It is appropriate that the groove width (half value of width) of the first pregroove 34 is within a range of 25 to 250 nm. Further, the upper limit value is preferably not more than 200 nm, more preferably not more than 170 nm, and much more preferably not more than 150 nm. The lower limit value is preferably not less than 50 nm, more preferably not less than 80 nm, and much more preferably not less than 100 nm.
If the groove width of the first pregroove 34 is less than 25 nm, then the groove is not transferred sufficiently during the formation in some cases, and the error rate may be raised during the recording in other cases. If the groove width exceeds 250 nm, the pit formed upon the recording is consequently widened. The crosstalk is caused in some cases, and sufficient modulation degree is not obtained in other cases.
It is appropriate that the groove depth of the first pregroove 34 is within a range of 5 to 150 nm. The upper limit value is preferably not more than 100 nm, more preferably not more than 70 nm, and much more preferably not more than 50 nm. The lower limit value is preferably not less than 10 nm, more preferably not less than 20 nm, and much more preferably not less than 28 nm.
If the groove depth of the first pregroove 34 is less than 5 nm, sufficient recording modulation degree may not be obtained. If the groove depth exceeds 150 nm, the reflectance may greatly be lowered.

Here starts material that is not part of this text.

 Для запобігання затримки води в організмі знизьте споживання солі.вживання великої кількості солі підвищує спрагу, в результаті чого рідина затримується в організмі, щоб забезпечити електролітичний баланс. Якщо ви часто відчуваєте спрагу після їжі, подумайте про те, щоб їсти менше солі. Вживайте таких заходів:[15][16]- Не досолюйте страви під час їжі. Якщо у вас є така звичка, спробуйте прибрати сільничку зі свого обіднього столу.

As for the angle of groove inclination of the first pregroove 34, the upper limit value is preferably not more than 80°, more preferably not more than 70°, much more preferably not more than 60°, and especially preferably not more than 50°. The lower limit value is preferably not less than 20°, more preferably not less than 30°, and much more preferably not less than 40°.
If the angle of groove inclination of the first pregroove 34 is less than 20°, any sufficient tracking error signal amplitude may not be obtained. If the angle of groove inclination exceeds 80°, it is difficult to form the first substrate 12, for example, by injection molding.

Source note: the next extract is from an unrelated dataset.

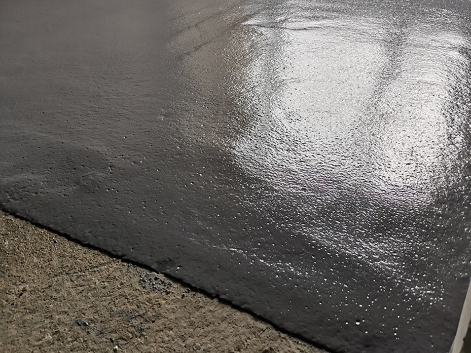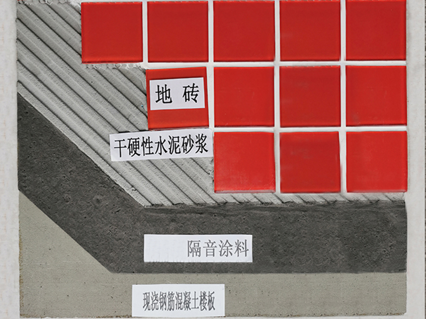 7、楼板隔音涂料喷涂完毕后,地面楼板干透后的效果,以及涂料干透后的表面细节展示,如下图所示: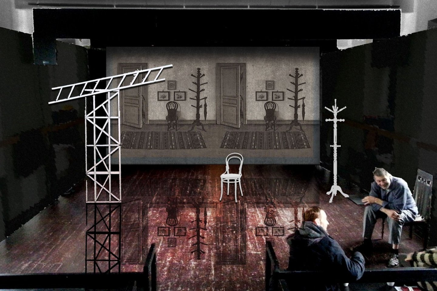 Marius Nekrošius („Bado meistro“ scenografijos autorius): Labai džiaugiausi sužinojęs, kad Tėvas „Meno forte“ ketina sukurti nedidelį spektaklį – pasirodo Tėvas moka padaryti ir mažiau nei dviejų valandų trukmės pastatymą. Juk beveik visą laiką jis imdavosi galingų, epinių kūrinių. O čia – toks mažas mažas Kafkos apsakymas. Nors darbo buvo daug, tačiau pats procesas buvo labai smagus, daug lengvumo jame. Spektaklyje visi scenografiniai atradimai vyko grynai repeticijų metu, tai yra, pagal poreikį atsirasdavo daiktai, ekranas, fonas jame. Scenografijoje naudojame dvigubo kambarėlio stereo vaizdą, kurio motyvas paimtas iš 2010-ais metais Milano „La Scala“ teatre Tėvo statytos operos „Faustas“. Ten buvo scena, kai nusileidžia du Margaritos kambarėliai. Tai ši idėja sėkmingai „emigravo“ į „Meno fortą“.

Various materials having been used as the substrate material for conventional optical information-recording mediums can be arbitrarily used for the first substrate 12 for the first optical information-recording medium 10A.
Specifically, examples of the substrate material include glass; acrylic resin such as polycarbonate and polymethyl methacrylate; vinyl chloride-based resin such as polyvinyl chloride and vinyl chloride copolymer; epoxy resin; amorphous polyolefin; polyester; and metal such as aluminum. These materials may be used in combination, if desired.

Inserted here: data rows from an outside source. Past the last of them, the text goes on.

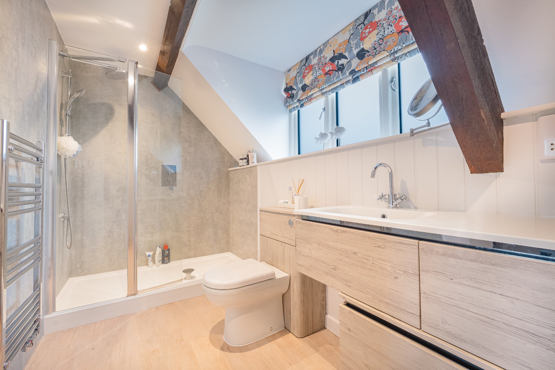 Stairs lead to the first floor, where you will discover three well-appointed BEDROOMS, each offering a serene escape from the bustle of daily life. The PRINCIPAL BEDROOM has a range of fitted wardrobes for storage and a beautifully appointed EN-SUITE SHOWER ROOM with large shower, W.C., and wash basin, combining functionality with a touch of luxury.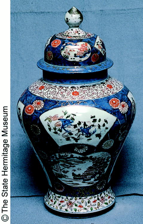 伊万里色絵山水楼閣文有蓋壷/ Covered jar with design of pavilion in a landscape |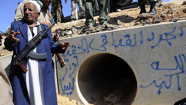 Sau đó họ lại bị bao vây và Gaddafi bị lôi ra từ một ống cống và bị giết chết sau đó.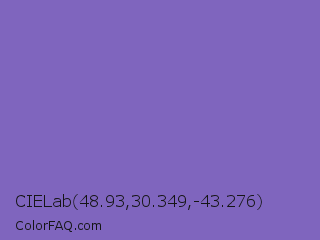 CIELab 48.93,30.349,-43.276 Color is a normal indigo color and the nearest color is Blue Marguerite #7666c6. Hex code #7f65be and RGB value is rgb(127,101,190). In RGB color space, this color is composed of 50% red, 40% green, 75% blue, In CMYK color space, this color is composed of 33% cyan, 47% magenta, 0% yellow , 25% black , In HSL color space, this color has a hue angle of 258° , 41% saturation and 57% lightness.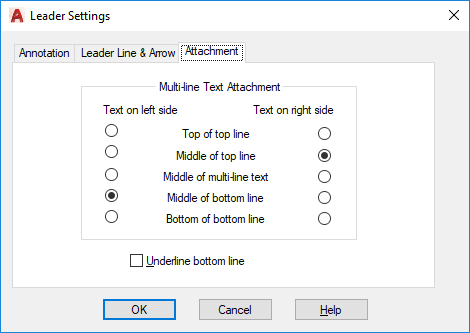 Sets the attachment location for leader lines and multiline text annotation. This tab is available only when Mtext is selected on the Annotation tab.

Among the materials described above, the thermoplastic resin such as amorphous polyolefin and polycarbonate is preferred, and polycarbonate is especially preferred, in view of, for example, the humidity resistance, the dimensional stability, and the low price.
When the resin as described above is used, the first substrate 12 can be manufactured by using injection molding.
It is appropriate that the thickness of the first substrate 12 is within a range of 0.7 to 2 mm. The thickness is preferably within a range of 0.9 to 1.6 mm, and more preferably 1.0 to 1.3 mm.
It is preferable that an undercoat layer is formed on the surface of the first substrate 12 on the side on which the first light-reflective layer 18 is provided as described later on in order to impart the flatness and improve adhesive force.
Examples of the material for the undercoat layer include high molecular weight compounds such as polymethyl methacrylate, acrylic acid-methacrylic acid copolymer, styrene-maleic anhydride copolymer, polyvinyl alcohol, N-methylolacrylamide, styrene-vinyltoluene copolymer, chlorosulfonated polyethylene, nitrocellulose, polyvinyl chloride, chlorinated polyolefin, polyester, polyimide, vinyl acetate-vinyl chloride copolymer, ethylene-vinyl acetate copolymer, polyethylene, polypropylene, and polycarbonate; and surface-modifying agents such as a silane coupling agent.
The undercoat layer can be formed such that the material as described above is dissolved or dispersed in an appropriate solvent to prepare a coating liquid, and the surface of the first substrate 12 is coated with the coating liquid by a coating method such as the spin coating, the dip coating, and the extrusion coating. The layer thickness of the undercoat layer is generally within a range of 0.005 to 20 μm, and preferably within a range of 0.01 to 10 μm.

First Write-Once Type Recording Layer 14 of First Optical Information-Recording Medium 10A

The first write-once type recording layer 14 of the preferred first optical information-recording medium 10A is formed as follows. That is, a dye is dissolved together with a binding agent in an appropriate solvent to prepare a coating liquid. Subsequently, the coating liquid is applied onto the substrate or onto the first light-reflective layer 18 as described later on to form a coating film, and then dried. In this embodiment, the first write-once type recording layer 14 may be a single layer or a multilayer. In the case of the multilayer structure, the step of applying the coating liquid is performed more than one.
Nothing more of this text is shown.